While tidycensus is versatile and allows users to access many more datasets (and variables within those datasets) than does library(urbnindicators), it can require a significant amount of knowledge and time to support a robust analysis, leading many users to fall into common pitfalls without realizing they’ve made an error(s).

Identify variables to query

We load the built-in codebook and search for our construct of interest (disability). This leaves us 500 variables to choose from.

acs_codebook = tidycensus::load_variables(dataset = "acs5", year = 2022)

acs_codebook %>%
  dplyr::filter(stringr::str_detect(concept, "Disability")) %>% 
  head() %>%
  reactable::reactable()

Let’s imagine we’re interested in calculating the share of individuals with a disability; this requires only two variables (conceptually): the number of people with a disability and the number of all people.

So which variable(s) do we select? There’s not a clear answer. All variables relating to disability reflect disability and at least one other characteristic (e.g., “sex by age by disability status”). If we want to calculate the percent of all individuals with a disability, we want to do so using the most robust available variables (i.e., those that reflect all individuals who reported their disability status), whereas some variables that reflect disability may have smaller counts because the other characteristics combined with disability status (e.g., health insurance coverage status) may be available only for a subset of the individuals for whom disability status is available.

Putting these challenges aside, let’s imagine we select the table of variables prefixed “B18101”, for “Sex by Age by Disability”. We think that most respondents who respond about their disability status will also have responded about their sex and age. We then pass this to library(tidycensus) as:

df_disability = get_acs(
  geography = "county",
  state = "NJ", 
  year = 2022,
  output = "wide",
  survey = "acs5",
  table = "B18101")

df_disability %>% dim()
#> [1] 21 80
df_disability %>% colnames() %>% head(5)
#> [1] "GEOID"       "NAME"        "B18101_001E" "B18101_001M" "B18101_002E"

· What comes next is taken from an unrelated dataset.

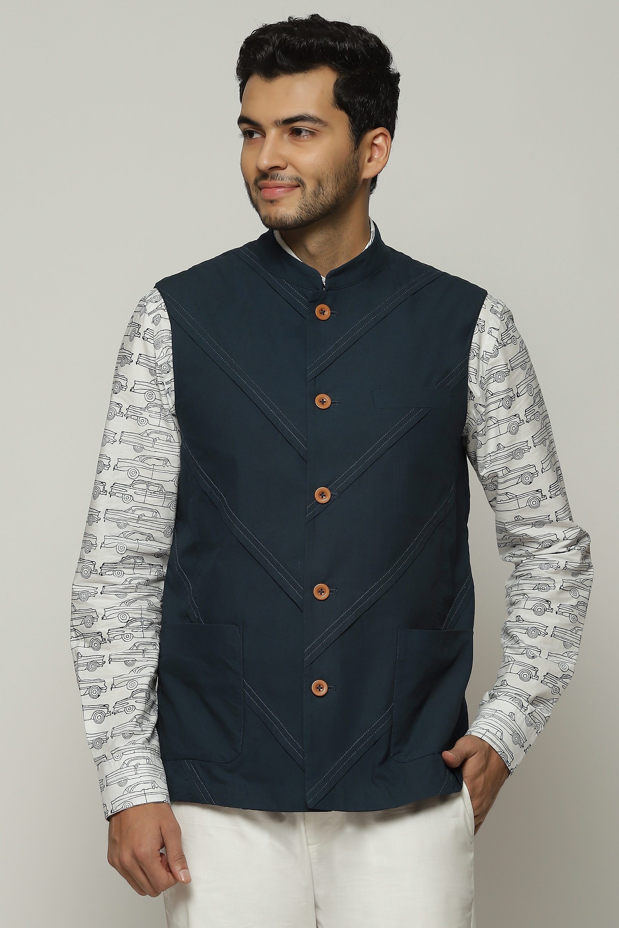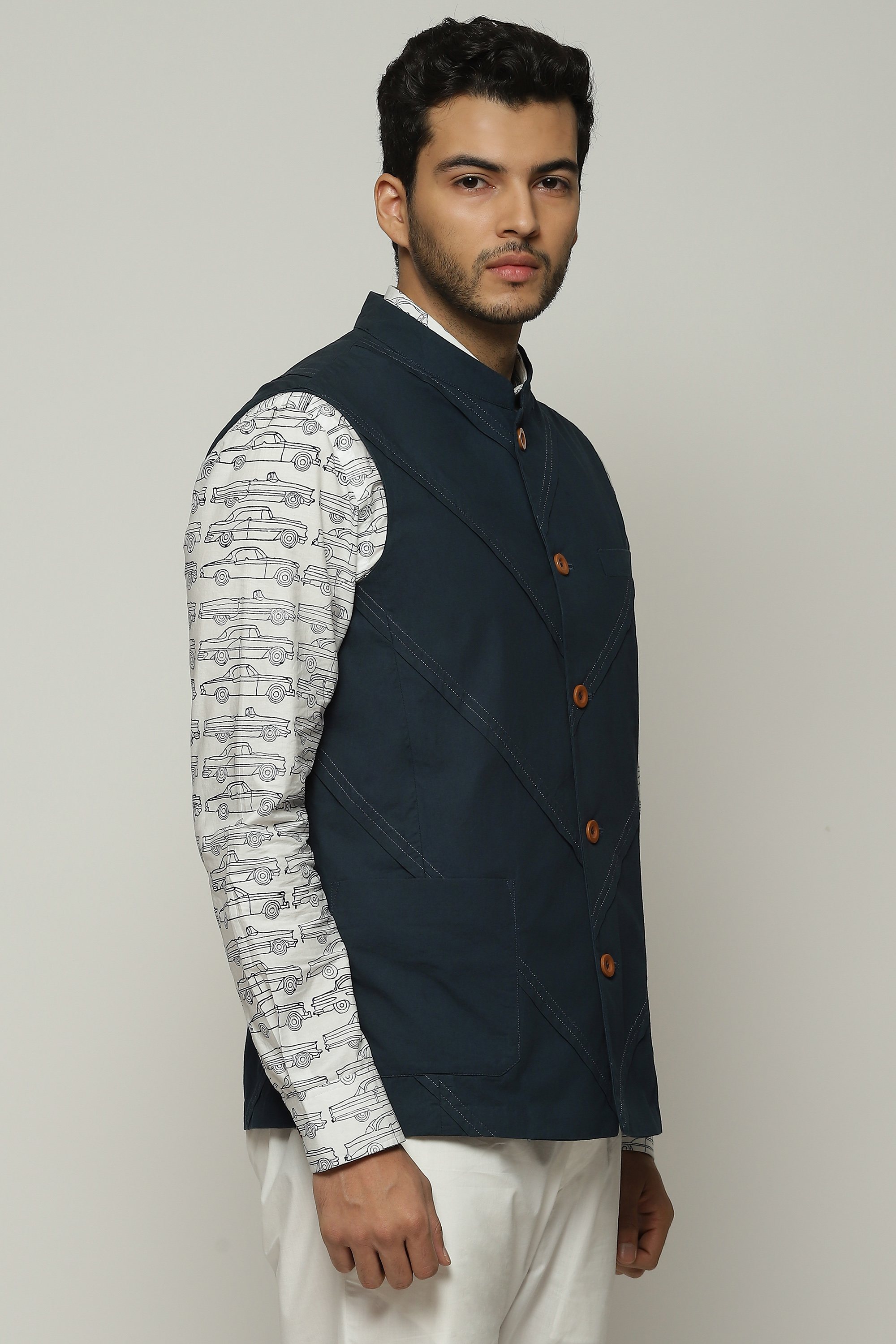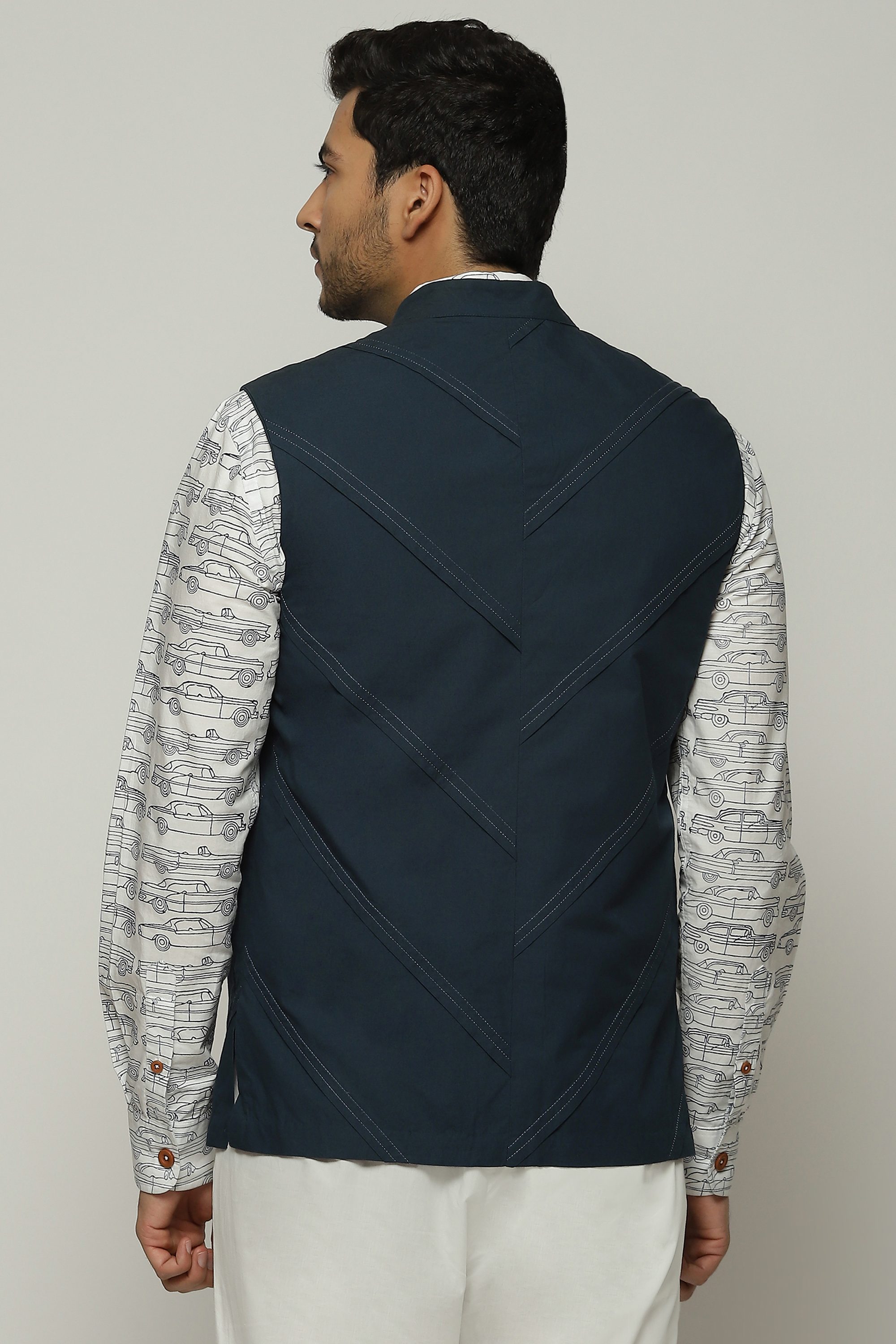 Diagonal pleats line this denim-hued bundi.

This returns us 21 observations–one for each county in NJ–along with an intimidating 80 columns with meaningless names along the lines of B18101_039E.

Calculating our measure of interest

Now we would need to figure out how to aggregate the needed variables for both the denominator and numerator in order to calculate a valid “% Disabled” measure, a task that is feasible but time-intensive and error-prone.

For an analysis that leverages more than a single measure, and especially when measures are required from distinct tables, this workflow is burdensome and creates significant surface area for undetected errors. To acquire data for multiple years, or for multiple different types of geographies, also requires repeated calls to tidycensus::get_acs().

At the same time, many analysts will be overwhelmed by and unsure how to combine the margins of error that are returned by tidycensus::get_acs(), opting simply to drop this critical information from their analysis as they go about calculating “% Disabled”.

Using urbnindicators

library(urbnindicators) abstracts the workflow above behind the scenes. Instead of a call to tidycensus::get_acs(), a call to urbnindicators::compile_acs_data() returns a dataset of both raw ACS measures and derived estimates (such as the share of all individuals who are disabled). And that dataset includes a range of measures–-spanning things such as health insurance, employment, housing costs, and race and ethnicity–-not just one variable or table from the ACS.

Acquire data

It’s as simple as the call below. Note that you can provide a vector of years and/or states if you want data over different time periods or geographies.

Note that selecting more geographic units–either by selecting a geography option comprising more units, by selecting more states, or selecting more years–can significantly increase the query time. A tract-level query of the entire US can take 30+ minutes.

df_urbnindicators = urbnindicators::compile_acs_data(
  years = 2022,
  geography = "county",
  states = "NJ",
  spatial = TRUE)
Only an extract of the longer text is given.